Yang terbaru, ada PT Pandanarum Kenanga Textile (Panamtex) asal Pekalongan, Jawa Tengah, yang dinyatakan pailit oleh Pengadilan Niaga pada Pengadilan Negeri Semarang pada 12 September 2024 lalu.
Permohonan pailit ini diajukan oleh para mantan pekerja Panamtex yang belum dipenuhi haknya. Panamtex sendiri memproduksi kain sarung yang berorientasi ekspor.
Sebelumnya, pabrik tekstil lainnya yaitu PT Sampangan Duta Panca Sakti Tekstil (Dupantex) juga telah berhenti beroperasi sejak 6 Juni 2024. Namun, pabrik yang juga berada di Pekalogan ini disinyalir belum melunasi kewajiban pembayaran upah terhadap sebagian karyawannya. Produsen kain ekspor ini masih berstatus Penundaan Kewajiban Pembayaran Utang (PKPU) sementara yang mana Rapat Permusyawaratan Majelis baru akan dilaksanakan pada 9 Oktober nanti.

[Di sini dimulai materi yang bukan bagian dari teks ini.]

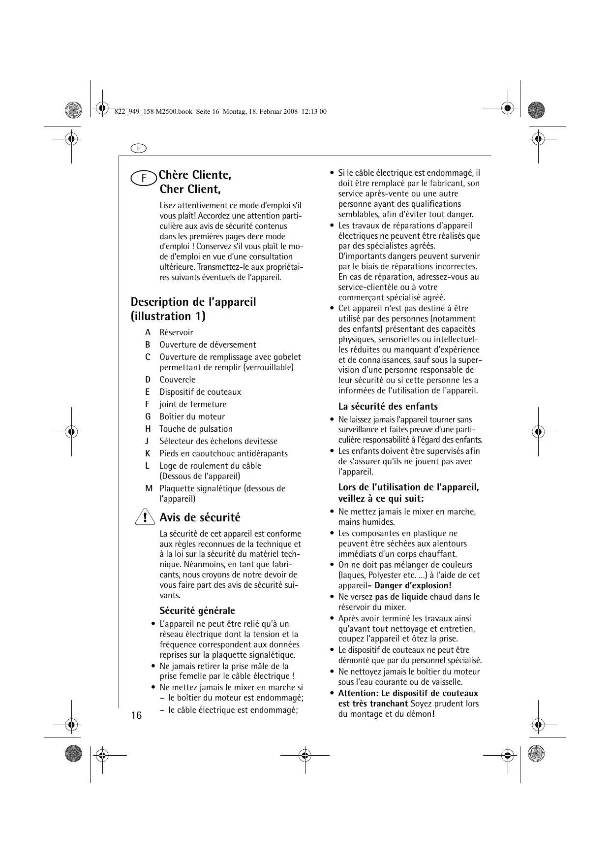 Cliente, fChère Cher Client, Lisez attentivement ce mode d’emploi s’il vous plaît! Accordez une attention particulière aux avis de sécurité contenus dans les premières pages dece mode d’emploi ! Conservez s’il vous plaît le mode d’emploi en vue d’une consultation ultérieure. Transmettez-le aux propriétaires suivants éventuels de l’appareil. Description de l’appareil (illustration 1) A Réservoir B Ouverture de déversement C Ouverture de remplissage avec gobelet permettant de remplir (verrouillable) D Couvercle E Dispositif de couteaux F joint de fermeture G Boîtier du moteur H Touche de pulsation J Sélecteur des échelons devitesse K Pieds en caoutchouc antidérapants L Loge de roulement du câble (Dessous de l’appareil) M Plaquette signalétique (dessous de l’appareil) 1 Avis de sécurité La sécurité de cet appareil est conforme aux règles reconnues de la technique et à la loi sur la sécurité du matériel technique. Néanmoins, en tant que fabricants, nous croyons de notre devoir de vous faire part des avis de sécurité suivants. Sécurité générale

Baca Juga: PHK Massal di Industri Tekstil, API Desak Perbaikan Regulasi Importasi
Tutupnya berbagai pabrik TPT tentu membuat para karyawan di sektor ini dibayangi oleh ancaman pemutusan hubungan kerja (PHK).
Berdasarkan data Kementerian Ketenagakerjaan (Kemenaker), sebanyak 46.240 pekerja terkena PHK pada Januari-Agustus 2024. Mayoritas pekerja yang di-PHK berasal dari sektor TPT. Jumlah ini bisa saja bertambah mengingat banyak perusahaan TPT yang tidak melaporkan tindakan PHK kepada karyawannya, apalagi di kalangan UMKM.
Ketua Umum Asosiasi Produsen Serat dan Benang Filamen Indonesia (APSyFI) Redma Gita Wirawasta mengatakan, tren penutupan pabrik yang diikuti oleh PHK karyawan akan terus terjadi selama pemerintah tidak serius menutup rapat celah impor TPT ilegal.
Lantas, pabrik-pabrik yang masih beroperasi pun tidak mampu berproduksi secara optimal, mengingat produknya kalah saing dengan produk impor ilegal.
"Posisi saat ini utilisasi TPT secara nasional tinggal 40%," kata Redma, Kamis (26/9).
Satgas kurang efektif
APSyFI menyoroti kinerja Satgas Anti Impor Ilegal yang dianggap tidak efektif karena hanya berwenang terhadap penindakan di pasar. Padahal, pintu masuk yang menjadi penyebab utama maraknya impor TPT ilegal berada di bawah Direktorat Jenderal Bea Cukai Kementerian Keuangan (Kemenkeu).
"Sampai saat ini tidak ada niatan dari Bea Cukai untuk memperbaiki. Justru mereka malah sibuk mencari alasan," kata Redma.
Dalam catatan Kontan, masa kerja Satgas Anti Impor Ilegal yang melibatkan berbagai kementerian, Kejaksaan Agung, hingga Badan Intelijen Negara (BIN) akan berakhir pada Desember 2024.
Baca Juga: PHK di Industri Tekstil Kian Parah, APSyFI Desak Pemerintah Hentikan Impor Ilegal
Senada, Direktur Eksekutif Asosiasi Pertekstilan Indonesia (API) Danang Girindrawardana khawatir, Satgas hanya hadir layaknya seremonial semata. Tidak diketahui seperti apa proses hukum atas terduga pelaku importasi TPT ilegal yang dibekuk Satgas.
"Publik juga tidak siapa pelaku-pelaku impor ilegal," imbuh dia, Kamis (26/9).
API tak menampik adanya sikap wait and see dari importir TPT ilegal semenjak adanya Satgas Anti Impor Ilegal. Namun, bukan berarti mereka kapok untuk berjualan di Indonesia.
Apalagi, terdapat oknum-oknum yang biasa membantu kegiatan importasi ilegal tersebut. Alhasil, penindakan hukum terhadap pelaku impor ilegal terkesan setengah hati.
Lebih lanjut, prospek industri TPT diperkirakan masih akan suram sampai akhir tahun nanti, meski terdapat momentum libur natal dan tahun baru. Hal ini seiring kondisi ekonomi yang tidak stabil dan ditandai oleh daya beli masyarakat yang melemah.
"Sepertinya permintaan tidak akan signifikan dan itu pun akan dimakan oleh barang impor," tandas Redma.